In this case, the List component is selected, which is a component that fetches files from
a list of local or remote paths/URLs. [input.config]
is where component-specific configuration
can be specified, and in this case we simply provide the files option to List.
Notice that List would accept http:// or even s3:// URLs there in addition to local paths,
and some more (run ./Baker-bin -help List in the help example for more details).
[filterchain]
defines the configuration for the whole filter chain. Filter-specific configurations
are provided by [[filter]]
(see below). The only accepted configuration in [filterchain]
is
procs = <int>
that defines the number of concurrent filter chains. The default value is 16.
[[filter]]
In TOML syntax, the double brackets indicates an array of sections.

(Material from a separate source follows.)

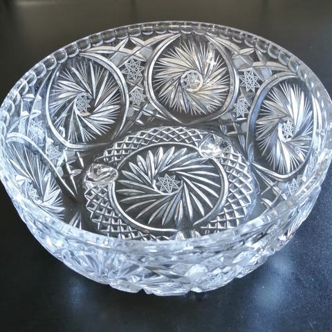 Selger en stor og vid krystallbolle med et dekorativt mønster for kr 250,-.

This is where you declare the list of filters (i.e filter chain) to sequentially apply to your
records. As other components, each filter may be followed by a [filter.config]
section.
[output]
selects the output component; the output is where records that made it to the end of
the filter chain without being discarded end up. In this case, the DynamoDB
output is selected,
and its configuration is specified in [output.config]
.
In the example topology above we don’t specify an [upload]
section since the output
doesn’t create files on the local filesystem, it makes queries to DynamoDB.
The fields
option in the [output]
section selects which fields of the record are sent
to the output.
In fact, most pipelines don’t want to send the full records to the output, but they select
a few important fields out of the many available fields.

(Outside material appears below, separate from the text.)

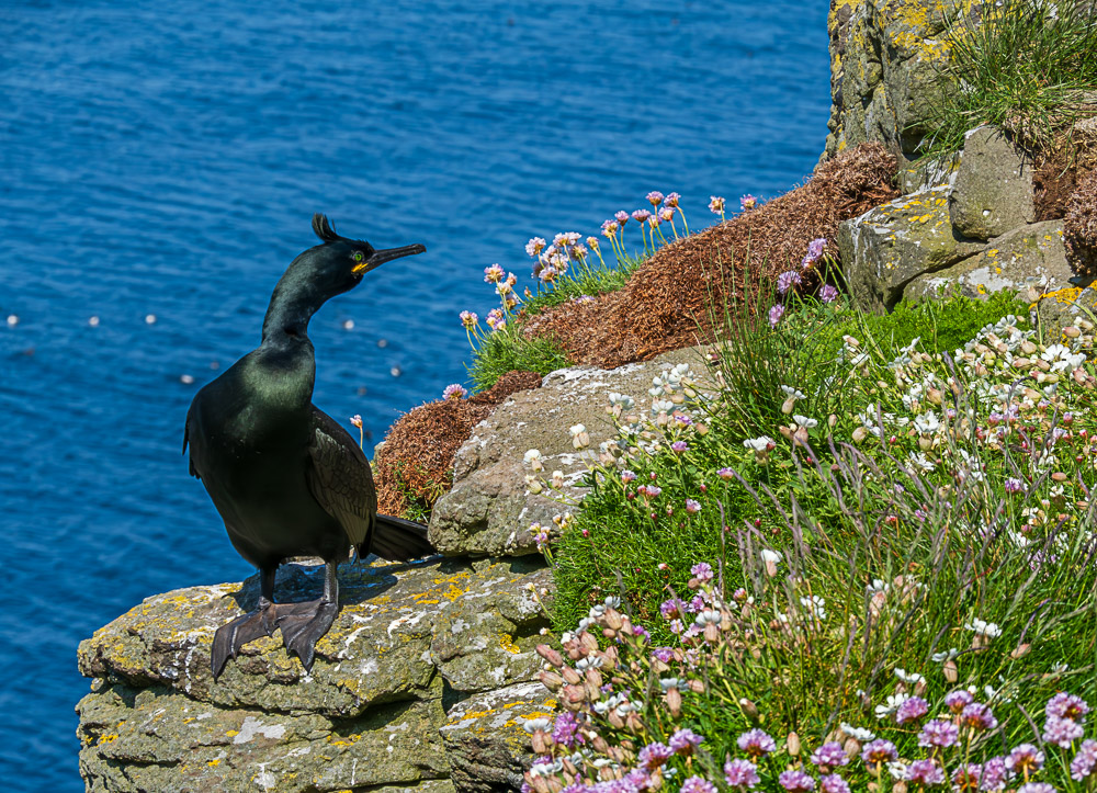 Reluctantly dragging myself away I soon came to the end of the main path close to an auk colony. While the huge majority of the birds were on the far side of a precipice that didn’t stop individuals landing this side of it close to me and the other human visitors. I’ve never been in close proximity to a shag before but one landed nearby and stayed, allowing me to photograph it at length. One young woman was sitting on a rock outcrop and a razorbill landed next to her as if she wasn’t there. It was astonishing! I reflected on how easy it would have been for the early sailors to plunder these seabird islands for food as they explored the oceans. And no wonder the great auk became extinct – it didn’t even have the advantage of flight.

Notice that this is just a selection: it is up to the output component to decide how to
physically serialize those fields. For instance, the DynamoDB
component requires the user
to specify an option called columns that specifies the name and the type of the column where
the fields are written.
Metrics configuration
The [metrics]
section allows to configure the monitoring solution to use. Currently, only datadog
is
supported.
See the dedicated page to learn how to configure DataDog metrics with Baker.
User defined configurations
The baker.NewConfigFromToml
function, used by Baker to parse the TOML configuration file, can be
also used to add custom configurations to the TOML file (useful as Baker can be used as library in
a more complex project).
This is an example of a TOML file defining also some of those user defined configurations (along with the input and output configurations):
[input]
name="random"
[output]
name="recorder"
[[user]]
name="MyConfiG"
[user.config]
field1 = 1
field2 = "hello!"
Using NewConfigFromToml
is then possible to retrieve those configurations:
cfg := strings.NewReader(toml) // toml is the content of the toml file
// myConfig contains the user-defined configurations we expect from the toml file
type myConfig struct {
Field1 int
Field2 string
}
mycfg := myConfig{}
// comp is the baker components configuration.

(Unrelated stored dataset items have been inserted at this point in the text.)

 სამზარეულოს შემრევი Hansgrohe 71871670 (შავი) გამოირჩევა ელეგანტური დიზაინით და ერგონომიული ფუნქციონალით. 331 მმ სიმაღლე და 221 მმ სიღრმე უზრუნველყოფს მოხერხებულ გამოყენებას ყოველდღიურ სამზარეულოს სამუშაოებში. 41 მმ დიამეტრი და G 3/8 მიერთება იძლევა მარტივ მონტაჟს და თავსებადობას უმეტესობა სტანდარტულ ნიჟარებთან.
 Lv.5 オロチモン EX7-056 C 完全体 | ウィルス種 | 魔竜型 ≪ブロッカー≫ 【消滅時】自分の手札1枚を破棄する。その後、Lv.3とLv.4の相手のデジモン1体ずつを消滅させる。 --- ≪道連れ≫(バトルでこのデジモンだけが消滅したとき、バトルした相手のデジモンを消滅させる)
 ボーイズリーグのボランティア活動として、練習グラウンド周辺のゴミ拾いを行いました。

// Here we use Inputs and Outputs in addition to User because
// they are required configurations
comp := baker.Components{
Inputs: []baker.InputDesc{inputtest.RandomDesc},
Outputs: []baker.OutputDesc{outputtest.RecorderDesc},
User: []baker.UserDesc{{Name: "myconfig", Config: &mycfg}},
}
// Use baker to parse and ingest the configuration file
baker.NewConfigFromToml(cfg, comp)
// Now mycfg has been populated with the user defined configurations:
// myConfig{Field1: 1, Field2: "hello!"}
// and can be used anywhere in the program
More examples can be found in the dedicated test file.
Environment variables replacement
Baker supports environment variables replacement in the configuration file.
Use ${ENV_VAR_NAME}
or $ENV_VAR_NAME
and the value in the file is replaced at runtime.
Note that if the variable doesn’t exist, then an empty string is used for replacement.